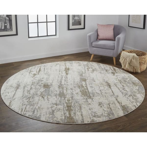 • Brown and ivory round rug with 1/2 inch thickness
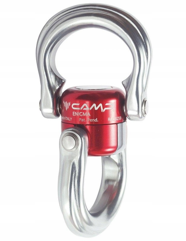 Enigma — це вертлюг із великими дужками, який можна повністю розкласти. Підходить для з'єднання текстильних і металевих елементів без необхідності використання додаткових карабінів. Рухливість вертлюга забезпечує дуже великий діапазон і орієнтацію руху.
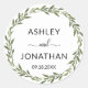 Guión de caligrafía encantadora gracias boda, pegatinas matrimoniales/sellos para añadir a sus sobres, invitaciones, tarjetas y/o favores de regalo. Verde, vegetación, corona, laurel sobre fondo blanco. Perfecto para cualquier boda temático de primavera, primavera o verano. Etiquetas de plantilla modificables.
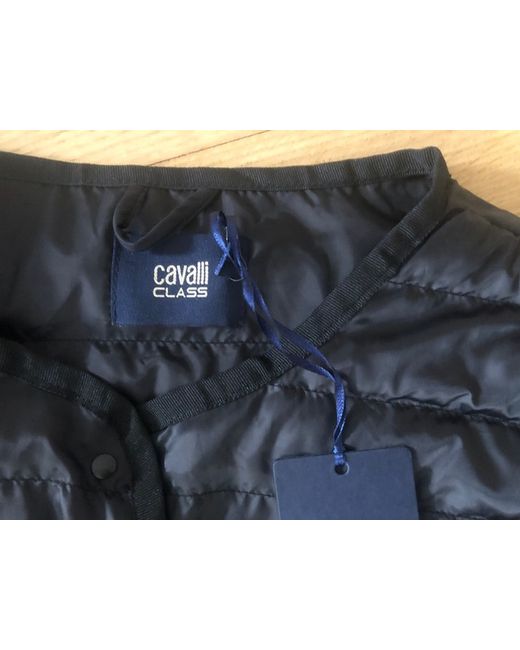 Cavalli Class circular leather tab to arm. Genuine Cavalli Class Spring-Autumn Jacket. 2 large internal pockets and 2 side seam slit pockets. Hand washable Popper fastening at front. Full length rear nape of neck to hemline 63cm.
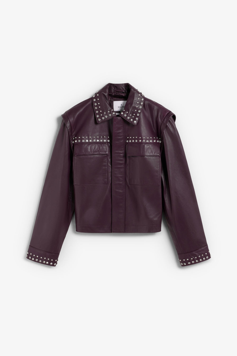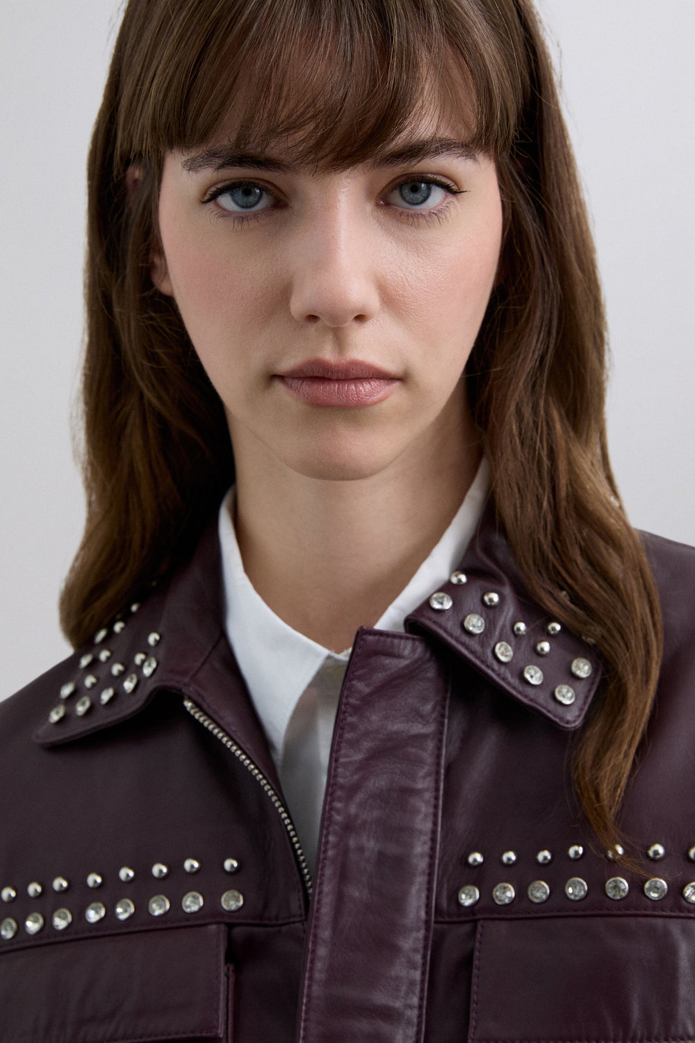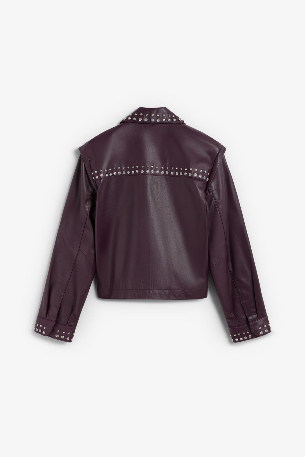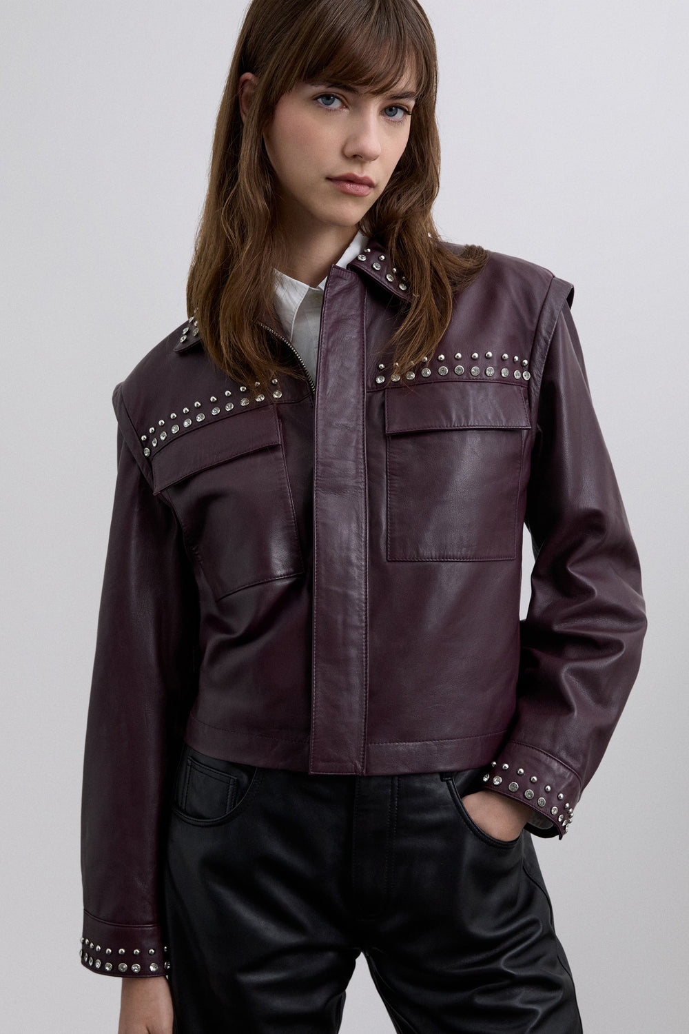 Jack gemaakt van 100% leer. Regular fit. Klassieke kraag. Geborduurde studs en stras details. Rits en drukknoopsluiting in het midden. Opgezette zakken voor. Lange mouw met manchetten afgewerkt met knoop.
==
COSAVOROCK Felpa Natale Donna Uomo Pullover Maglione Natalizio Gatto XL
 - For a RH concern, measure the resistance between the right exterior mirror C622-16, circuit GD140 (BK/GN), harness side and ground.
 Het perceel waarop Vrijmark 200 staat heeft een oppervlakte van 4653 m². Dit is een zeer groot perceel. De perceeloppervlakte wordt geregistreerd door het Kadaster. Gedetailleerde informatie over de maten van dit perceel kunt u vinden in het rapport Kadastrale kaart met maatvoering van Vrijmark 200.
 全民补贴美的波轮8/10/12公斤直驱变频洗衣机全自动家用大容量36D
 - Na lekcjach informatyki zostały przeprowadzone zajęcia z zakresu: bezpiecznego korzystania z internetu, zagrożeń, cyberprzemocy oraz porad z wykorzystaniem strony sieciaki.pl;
---
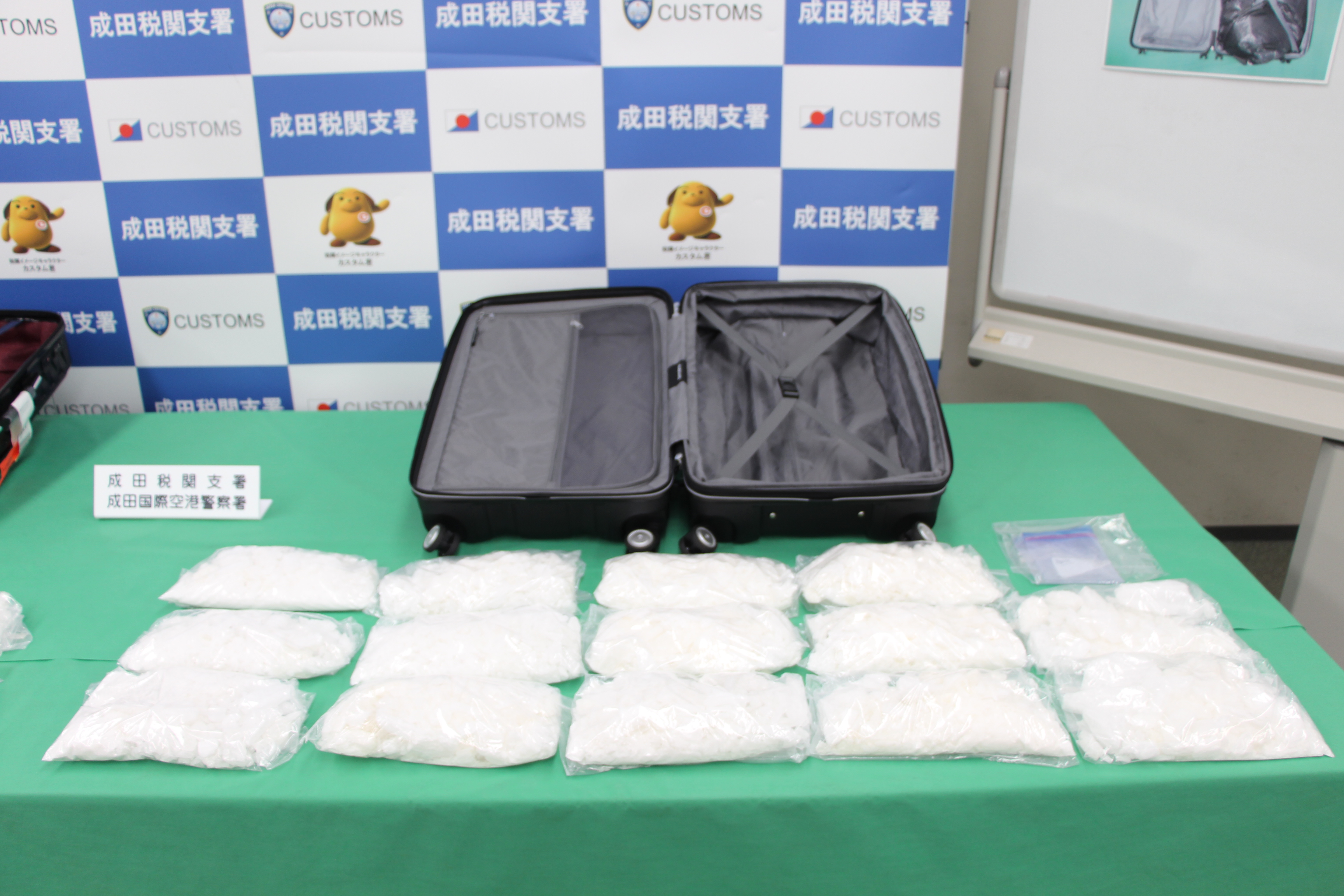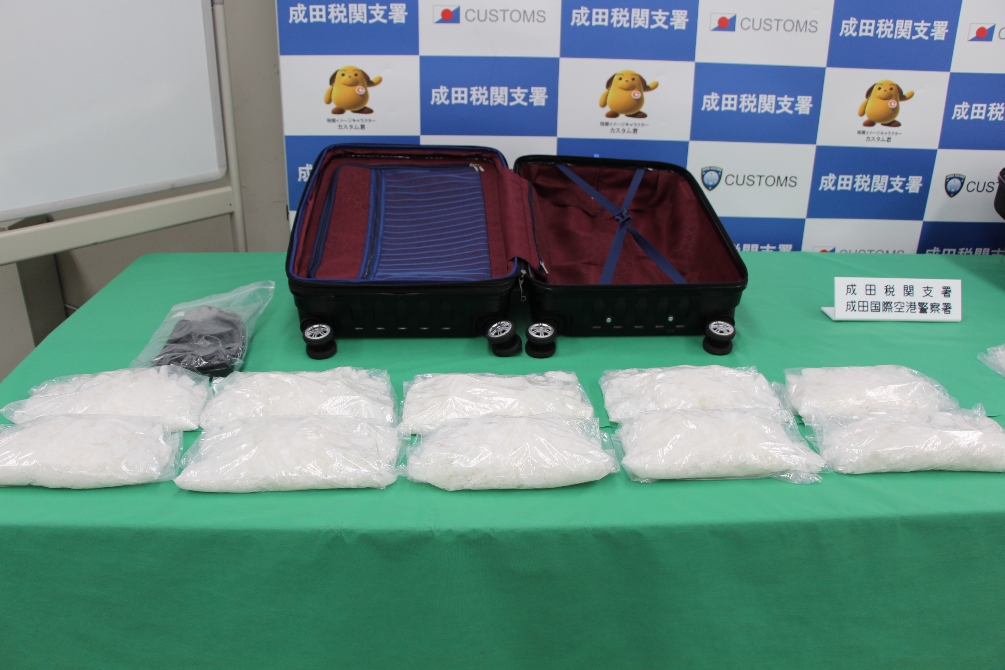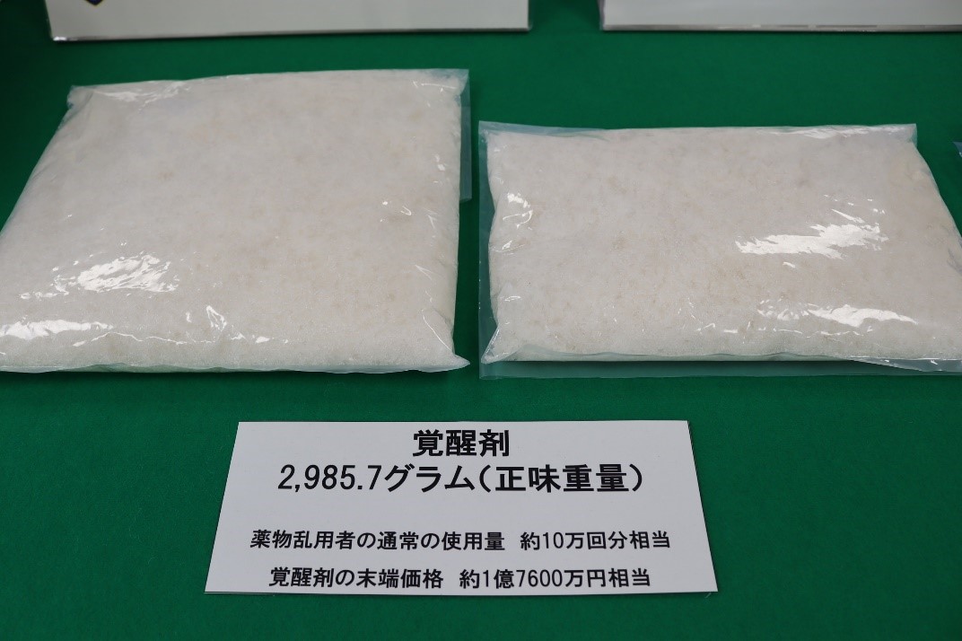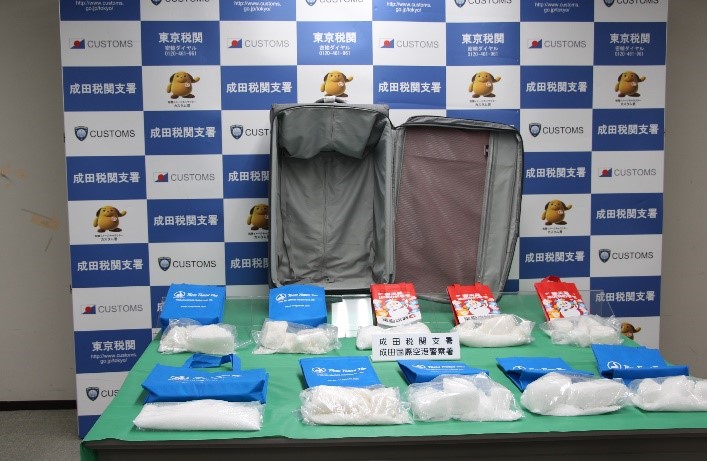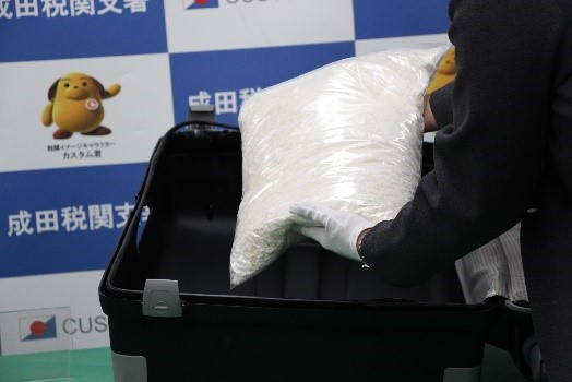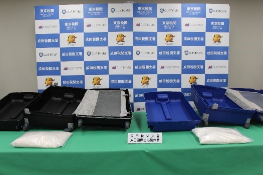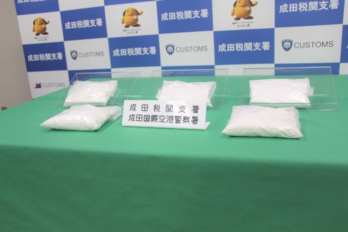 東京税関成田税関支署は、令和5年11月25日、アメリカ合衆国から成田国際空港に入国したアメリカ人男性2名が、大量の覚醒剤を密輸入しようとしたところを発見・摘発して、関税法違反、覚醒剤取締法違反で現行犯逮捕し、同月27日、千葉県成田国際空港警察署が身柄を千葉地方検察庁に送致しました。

> Work to complete
For this exercise, set down the lines in the entries above from the one with "1/2 inch thickness" through the one with "Guión de caligrafía" exactly as written, without any pictures.

> Solution for this problem
 • Brown and ivory round rug with 1/2 inch thickness
 Enigma — це вертлюг із великими дужками, який можна повністю розкласти. Підходить для з'єднання текстильних і металевих елементів без необхідності використання додаткових карабінів. Рухливість вертлюга забезпечує дуже великий діапазон і орієнтацію руху.
 Guión de caligrafía encantadora gracias boda, pegatinas matrimoniales/sellos para añadir a sus sobres, invitaciones, tarjetas y/o favores de regalo. Verde, vegetación, corona, laurel sobre fondo blanco. Perfecto para cualquier boda temático de primavera, primavera o verano. Etiquetas de plantilla modificables.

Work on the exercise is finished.